Dave Robillard wrote:
This is utterly false, and completely contrary to the
entire purpose of
Free Software, and the GPL. It's the very first 'freedom' (out of four)
in the definition of Free Software, which was written by the same person
as the GPL, for the same reasons.
Okay. Now let me add more fuel to this useless discussion [1]:
http://www.fsf.org/licensing/licenses/agpl-3.0.html
Note, that this license (Affero GPL) seems to be considered a "free,
copyleft license" by FSF itself.
Still, it restricts the actual *use* (and not just *distribution*) of
covered software.

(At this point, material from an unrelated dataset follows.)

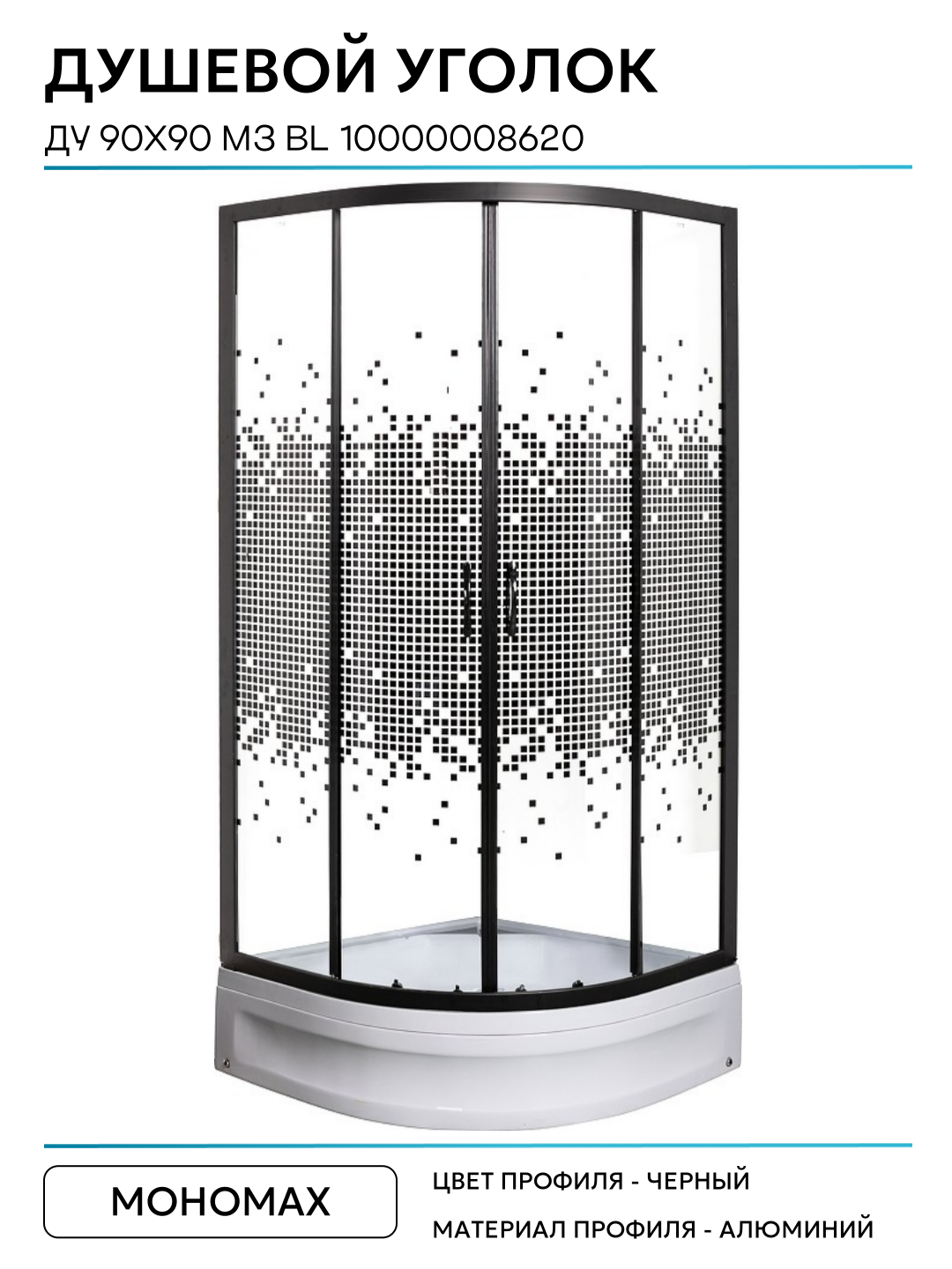 Душевой уголок Мономах ДУ 90×90 МЗ BL 10000008620 профиль Черный матовый стекло прозрачное с рисунком алюминий черный: сравнение цен, характеристики, фото, актуальное наличие и цены.

The exact type of restriction is different from one in
LinuxSampler license, but that's because it tries to solve a different
problem.
LinuxSampler license is intended to prevent hardware makers from
profiting off the LS project by making it a part of hardware box, AGPL
is intended to prevent Web companies from profiting (in some or other
way) off projects by combining it with other code and running it on a
public server.
Similarities:
- intention of prevention of uncooperative behaviour
- restriction of use
- encourages dual-licensing to companies that *really* want to use a
project in closed source derivatives
- based on GPL
Differences:
- LS bans: commercial && hardware
- AGPL bans: derived works && closed-source modifications && use on
network servers
Krzysztof
[1] Hopefully "fuel for thinking", not "fuel for name-calling". YMMV.